[Datetime-SIG] PEP-0500 (Alternative datetime arithmetic) Was: PEP 495 ... is ready ...

Guido van Rossum guido at python.org
Tue Aug 18 19:22:26 CEST 2015


On Tue, Aug 18, 2015 at 8:38 AM, Alexander Belopolsky <
alexander.belopolsky at gmail.com> wrote:

> On Tue, Aug 18, 2015 at 11:07 AM, Guido van Rossum <guido at python.org>
> wrote:
> > PEP 500 allows way more freedom than is needed.
>
> This is right.  With respect to finding elapsed time between two times
> (x and y) expressed as datetime instances, PEP-0500 allow tzinfo
> implementor to provide an arbitrary function of two variables: d(x,
> y), while arguably in most cases d(x, y) = x - f(x) - y + f(y), where
> f is a function of a single variable.  (In terms of current tzinfo
> interface, f is the utcoffset() function.)  In other words, the PEP
> allows arbitrary stretching and shrinking of the time line, while in
> most use cases only cutting and shifting is needed.
>
> However, I don't see this additional freedom as a big complication.
> Even in the common case, it may be easier to implement d(x, y) than to
> figure out f(x).  The problem with f(x) is that it is the UTC offset
> as a function of local time while most TZ database interfaces only
> provide UTC offset as a function of UTC time.  As a result, it is
> often easier to implement d(x, y) (for example, as d(x, y) = g(x) -
> g(y)) than to implement f(x).
>

This  discussion sounds overly abstract.

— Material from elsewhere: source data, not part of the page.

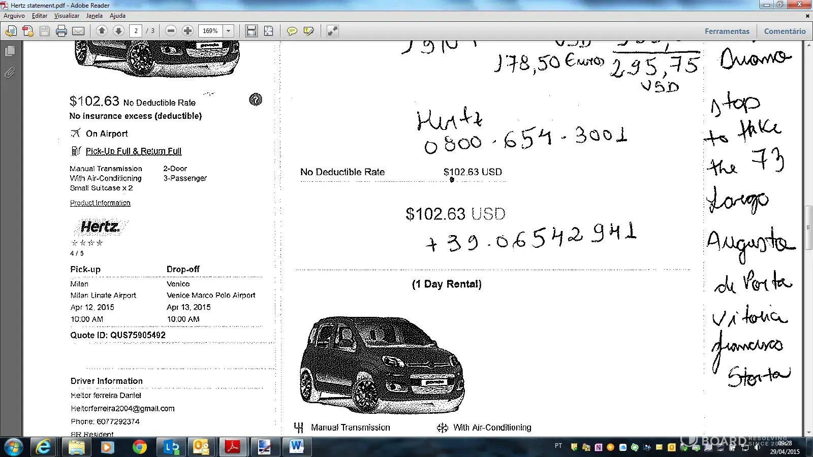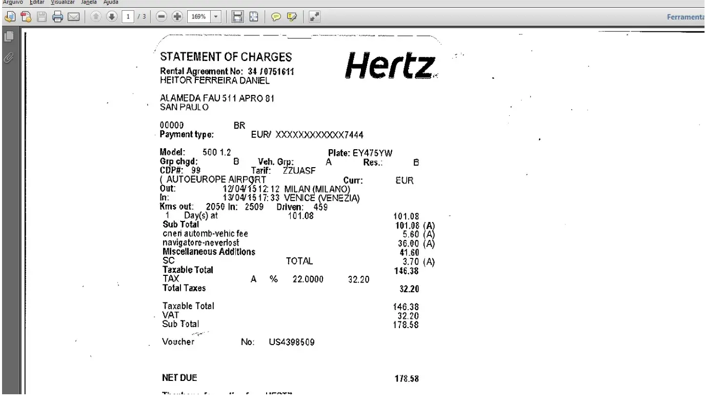 Srs. I rented a car manual transmission, 2 door, small and cheap car on March 19th 2015 and paid into my credit card 5491*****7444 the amount of USD 102, 63 for one day rental. I took the car in Milan Linate Airport at 12:12 on April 12th/2015 and delivered the car at Venice (Venezia) Marco Polo airport at 15:33 on April 13th. I am aware that I delivered the car some hours (maybe 3 hours more) after the time but they still charge me more EURO 178, 50 - USD: 193, 12. So, I am complaining about the total amount of charge USD 295, 75 for one day rent car small. I would like the refund of the EURO 178, 50.
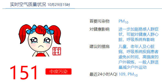 虽然之后空气状况已逐渐转好,但截至15时仍有中度污染。
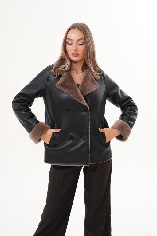 Kožený kratší kabátek s pravou kožešinou
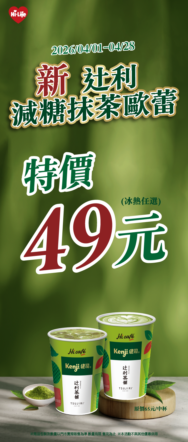 減糖版的十利抹茶歐蕾來囉! 限時優惠特價49元,快來嘗鮮~
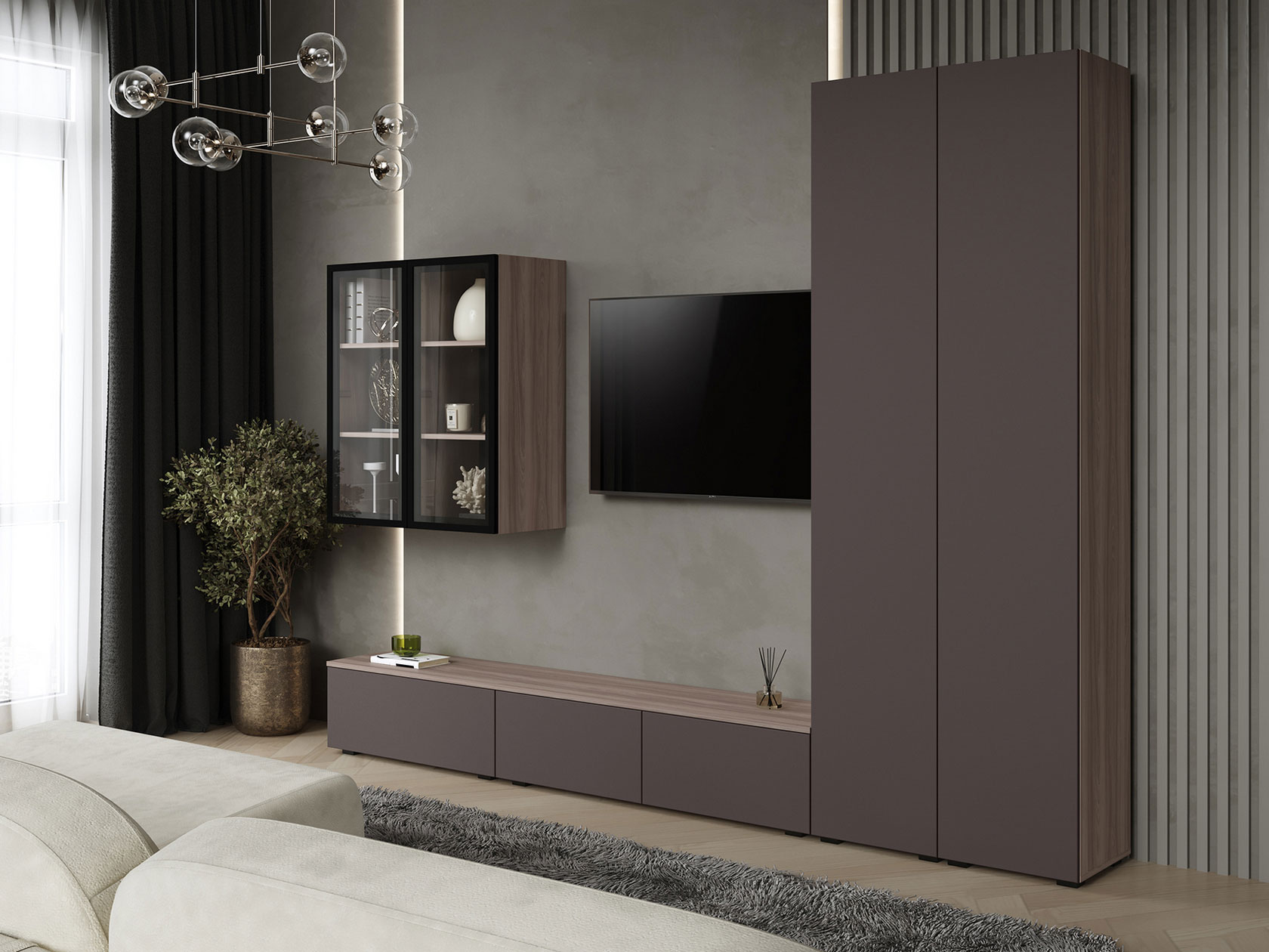 За стеклянными дверцами можно хранить книги, красивую посуду или декор, при этом защитив содержимое от пыли. ТВ-тумбы с выдвижными ящиками и распашные шкафы скроют от посторонних взглядов предметы обихода, аксессуары и бытовые мелочи. Гладкие фасады без фурнитуры создают минималистичный облик мебели, за которой, к тому же, легко ухаживать.

ISTM that d(x, y) in timeline
arithmetic can be computed as x.timestamp() - y.timestamp(), (and
converting to a timedelta). Similar for adding a datetime and a timedelta.
Optimizing this should be  IMO the only question is how should a datetime
object choose between classic arithmetic[1] and timeline arithmetic. My
proposal here is to make that a boolean property of the tzinfo object -- we
could either use a marker subclass or an attribute whose absence implies
classic arithmetic.

[1] Classic arithmetic is how datetime arithmetic works today, i.e. if you
add 24 hours to 12:00 on the Saturday before a DST transition, the answer
will be 12:00 on Sunday (whereas using timeline arithmetic the answer would
be 11:00 or 13:00 depending on which DST transition you're talking about).